Executives push AI takeover as 4% of Microsoft’s global staff face redundancy in sweeping cuts
Microsoft is laying off 9,000 employees—around 4% of its global workforce—as the company accelerates its shift to artificial intelligence, ordering staff to hand over routine tasks to chatbots and automation tools.
The sweeping job cuts mark one of the largest workforce reductions since the tech giant began pivoting to generative AI in 2023. Sources say the redundancies span multiple departments, including engineering, marketing, and customer support, with some staff learning of their termination via internal emails this week.
Chief executive Satya Nadella defended the decision, citing a radical transformation in how work is done inside the company. “More than 30% of Microsoft’s code is now written by AI,” he told employees in a virtual town hall. “The future of our productivity depends on embracing this change, not resisting it.”
The announcement comes as Microsoft leans heavily on its $13 billion investment in OpenAI and expands Copilot—its AI assistant tool—across Office, Azure, and developer platforms. With AI increasingly handling coding, documentation, and admin tasks, executives have made it clear: if AI can do the job, humans won’t.
Staff were told that they must now delegate eligible workloads to AI systems to improve efficiency and focus on “higher-order thinking and strategic value creation.” One senior manager described it as a “marching order from the top.”
The company’s latest Copilot update allows users to automate email replies, summarise meetings, write code, and even generate entire presentations. In internal documents reviewed by The Telegraph, Microsoft estimated that Copilot adoption had already replaced 1.7 million hours of human labour this quarter alone.
However, the layoffs have sparked anxiety among employees and industry watchers alike. “It’s one thing to enhance your team with AI. It’s another to replace them wholesale,” said Sarah Connelly, a technology analyst at Bernstein. “We’re watching the early stages of a workplace transformation that will make the 2010s automation wave look quaint.”
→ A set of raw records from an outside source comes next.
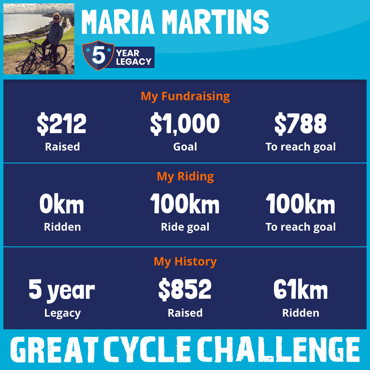 And so I am riding and raising funds to support the Children's Medical Research Institute to continue their work into the prevention, diagnosis, treatment and finding a cure for childhood cancer.
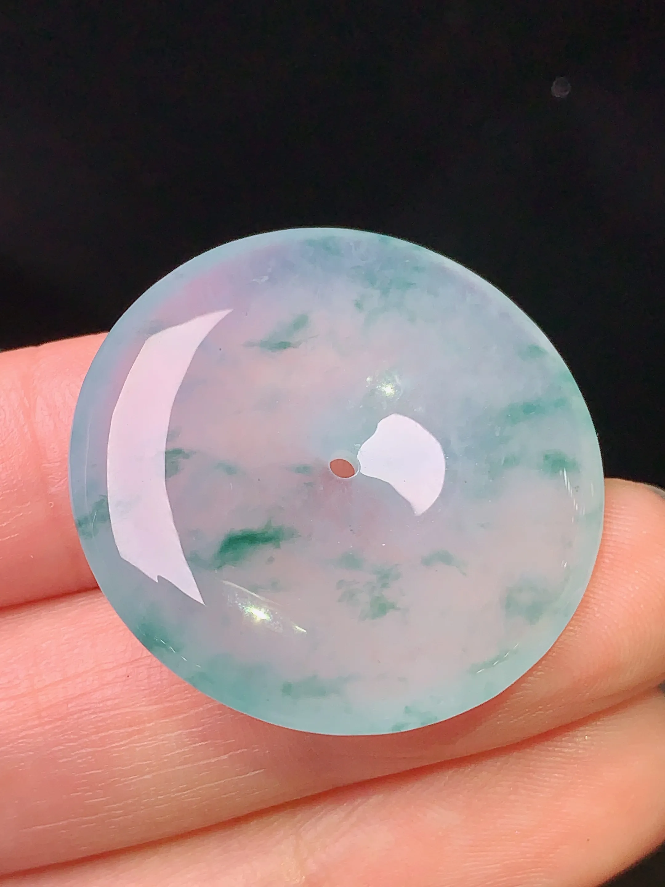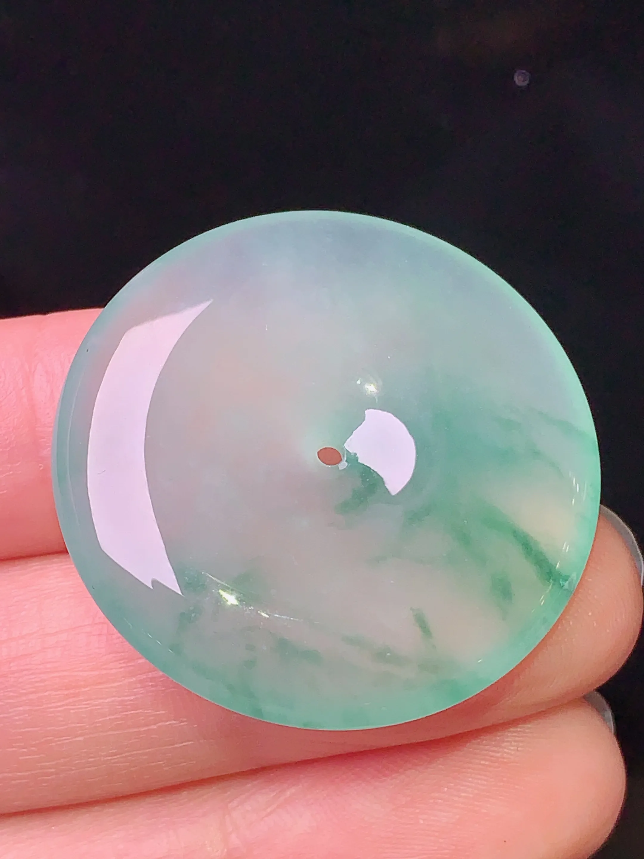冰种飘绿平安扣吊坠 玉质细腻 色泽清新艳丽 整体尺寸29.3*5.7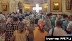 В соборе в Херсонесе провели совместную литургию, при этом присутствующие были без масок и не соблюдали социальную дистанцию. На время службы в верхнем зале собора выставили раку с мощами князя Владимира.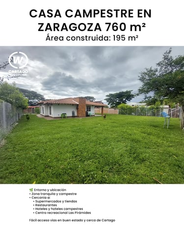 Esta casa campestre en venta se encuentra en un condominio campestre ubicado en Zaragoza, una zona estratégica cerca a Cartago, reconocida por su ambiente tranquilo y su fácil acceso vehicular.

Among those hit are many junior engineers and back-office staff, roles Microsoft claims are now “better served by automated systems.” While severance packages have been offered, some affected employees took to social media to describe being “blindsided,” with one saying they had been “training an AI to do my job—and then it did.”
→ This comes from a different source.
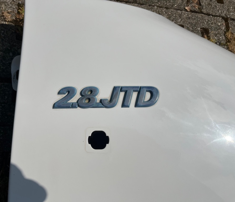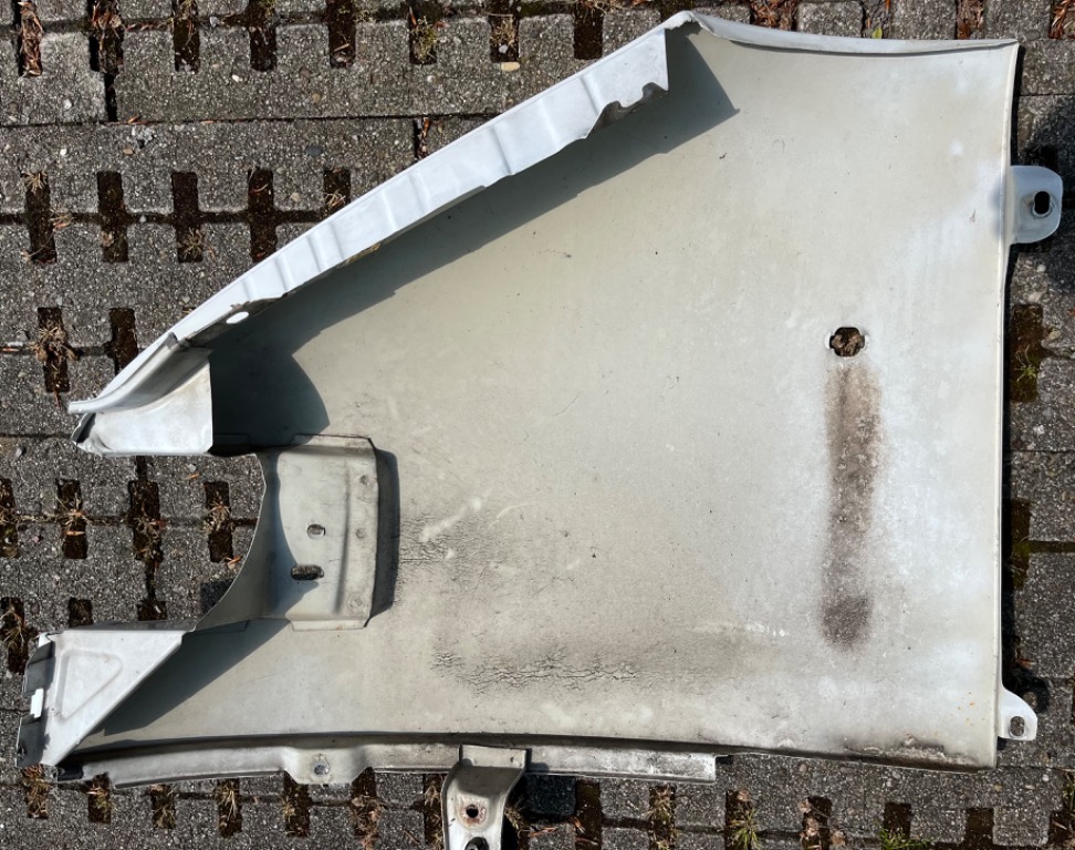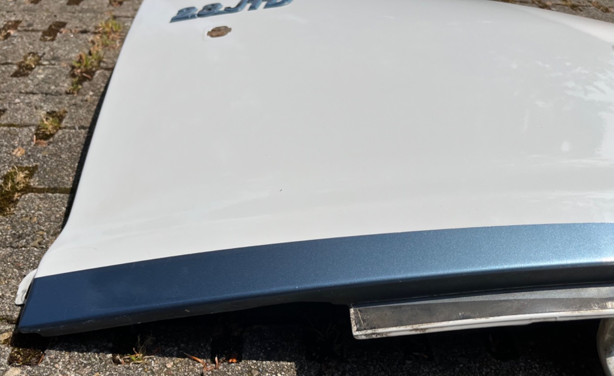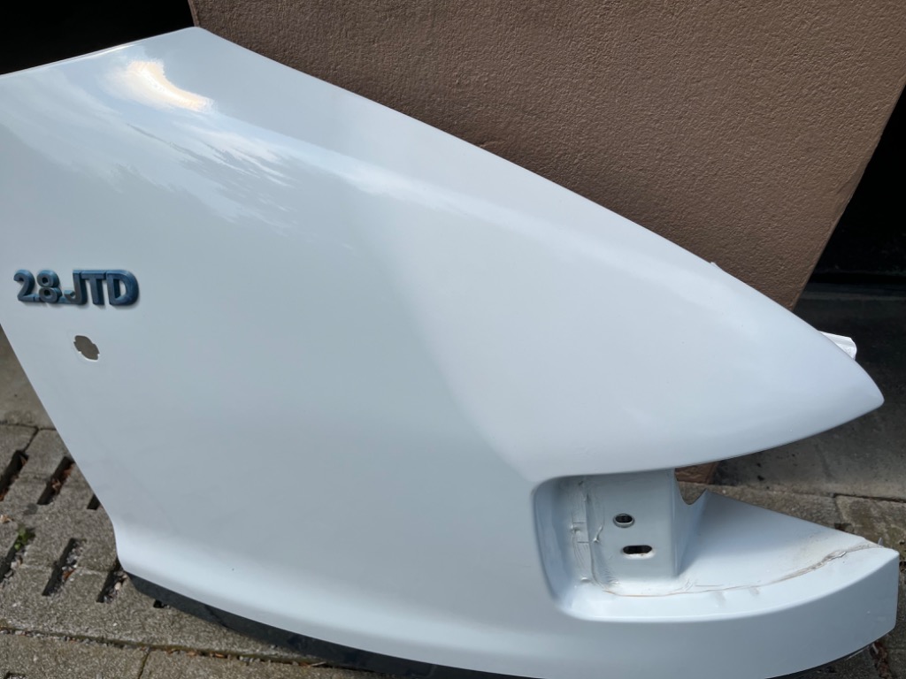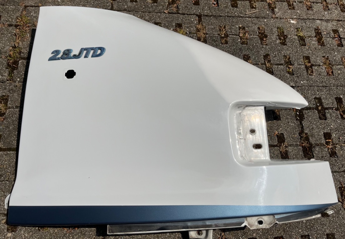 Habe noch einen rostfreien originalen rechten Kotflügel vom AK 595 rumliegen. Der hatte eine kleine Beule, die inzwischen ausgebessert und lackiert wurde. Man sieht nur noch einen leichten Farbunterschied beim weißen Lack. Ansonsten einwandfrei und rostfrei, mit Schriftzug 2,8 JTD, sowie des blauen Dekorstreifens.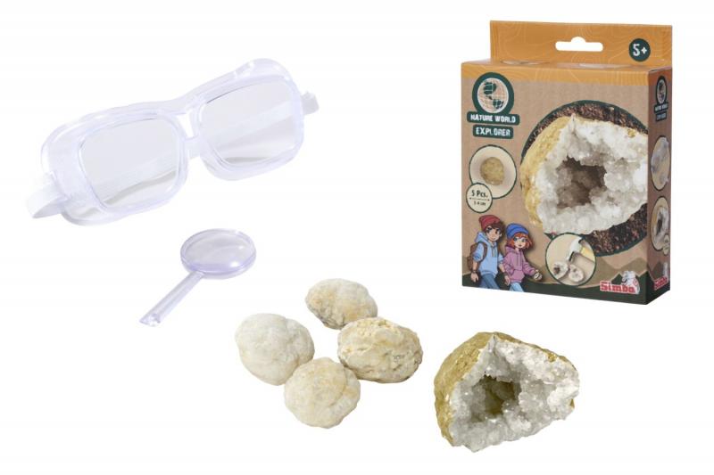 Sada na objevování geod, 5 ks opravdových geod o velikosti 3-4 cm. Součástí jsou ochranné brýle a lupa.

Embed from Getty ImagesUnion leaders in the tech sector have condemned the move. “These are not redundancies driven by crisis or recession,” said James Barrett of the Tech Workers Coalition. “They’re driven by profit and the belief that machines can replace people. It’s cold, calculated, and dangerous.”
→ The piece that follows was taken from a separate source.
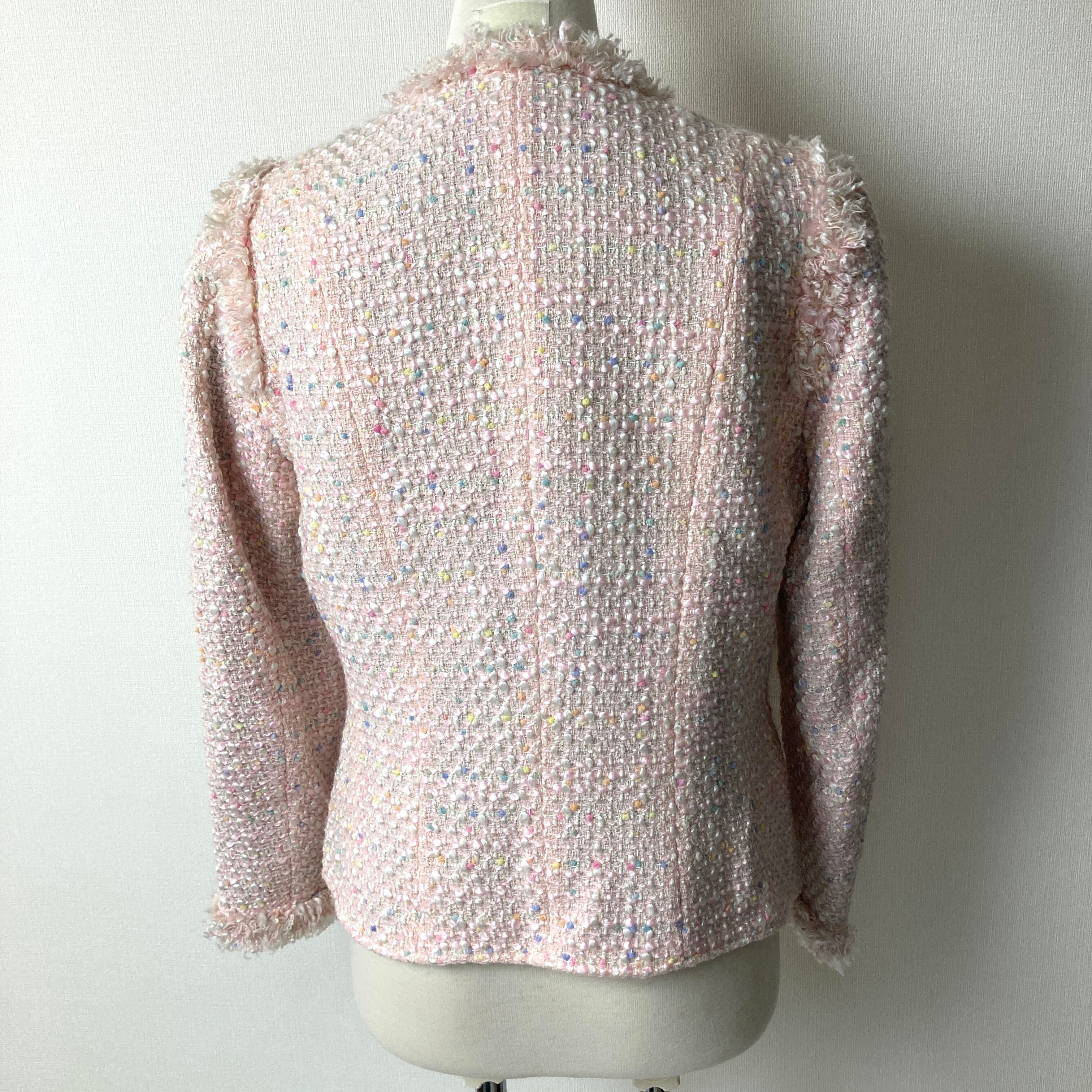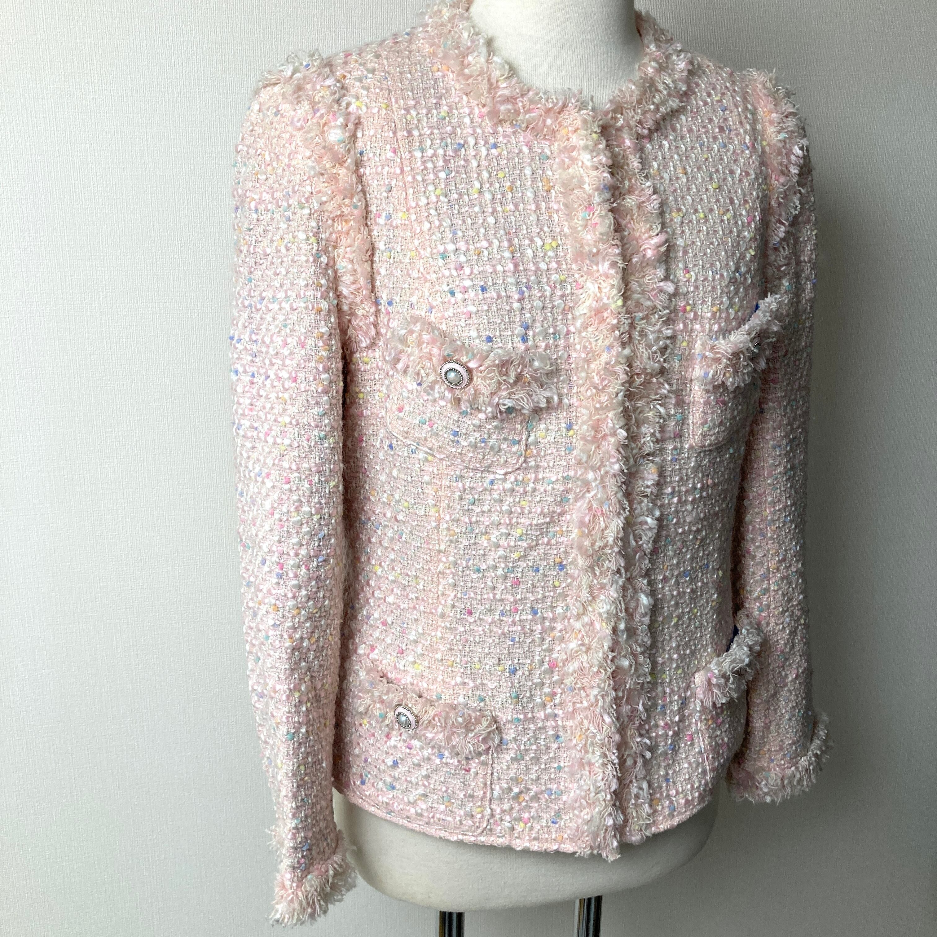 薄い桜のようなピンク色にフェイクパールボタンなどがあしらわれたツイードジャケット

Microsoft has not commented on which offices will be most affected, though insiders say the cuts are global, with a significant number in the United States and Europe.
Despite the layoffs, Microsoft’s stock rose 3% following the announcement, with investors seemingly encouraged by the prospect of tighter margins and enhanced AI capabilities.
But some experts are warning of a longer-term economic shock. “If Microsoft, the world’s second-most valuable company, is normalising AI-induced layoffs, expect a domino effect across the entire tech sector,” warned Connelly.
Nadella insists the move is about “evolution, not elimination,” and says Microsoft will invest in retraining programmes for remaining staff. “We want to equip everyone here to be AI-first thinkers,” he said.
Yet for 9,000 former employees, the message was clear: adapt to AI—or be left behind.